Talks money with teens

~  Ray Parker
~  The Arizona Republic


Teens at Willis Junior High seem more familiar with spending money than making it, especially during this holiday season.

Many of them own iPods. But few of them knew they could own a piece of the company that makes it:

Rod McKinnis, a former economics professor and Chandler business owner, visited the Chandler school Tuesday to give some 500 students the bottom line that often separates rich and the poor: financial information.

A lot of the listeners got turned on to investing, like Lisa Nickerson, 14, said she liked what McKinnis had to say about compounded interest.

To illustrate the concept, students were shown the dangers of buying a car like a loaded BMW 750iL costing about $75,000. First-time buyers could pay 25 percent interest on the car loan over four years, eventually doubling the cost of the car to $150,000.

“This is the bad way to compound interest,” said Sharitta Allen, Gilbert branch manager of M&I Bank, who also spoke to the students.

McKinnis, founder of a Chandler-based financial consulting group, gave the alternative: If students invested $25 a month over 20 years at 12 percent interest, the pot would build to $147,059.

“It kind of makes you think differently about that Christmas money,” he told the eighth-graders.

Referring to the book Rich Dad, Poor Dad by Robert Kiyosaki, the financial planner said the poor tend to invest in items that go down in value (cars, brand-name clothes), while the rich invest in items that increase in value (stocks, bonds, mutual funds).

Over the past 60 years, he said, the stock market has averaged a 15 percent return.

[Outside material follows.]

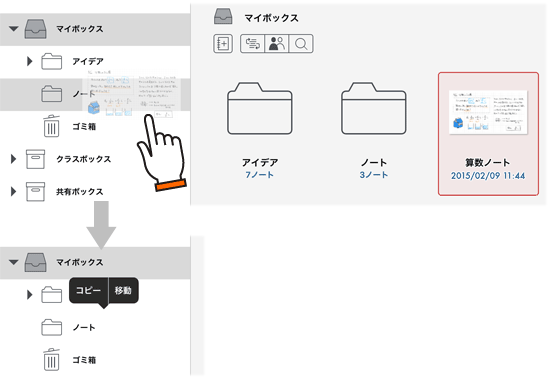 *生徒はクラスボックスのノートを移動できません。

“I want you to be equally excited about buying stock in the Wii, in Nintendo, as buying one,” McKinnis said. “When it comes to a major purchase, think if this is going to be an asset or liability.”

Social studies teacher John Prothro brought the speakers to school hoping students would get a new perspective on what to do with their holiday money.

“All the young people are fascinated by how money grows,” Prothro said.

McKinnis suggested the following strategies for a teen to become the next Donald Trump.

• Create investment goals with a target for 15 percent annual return.

• Review the results every six months.

• Protect your credit score, which determines interest rates on loans, among others.

• Develop a relationship with a local bank.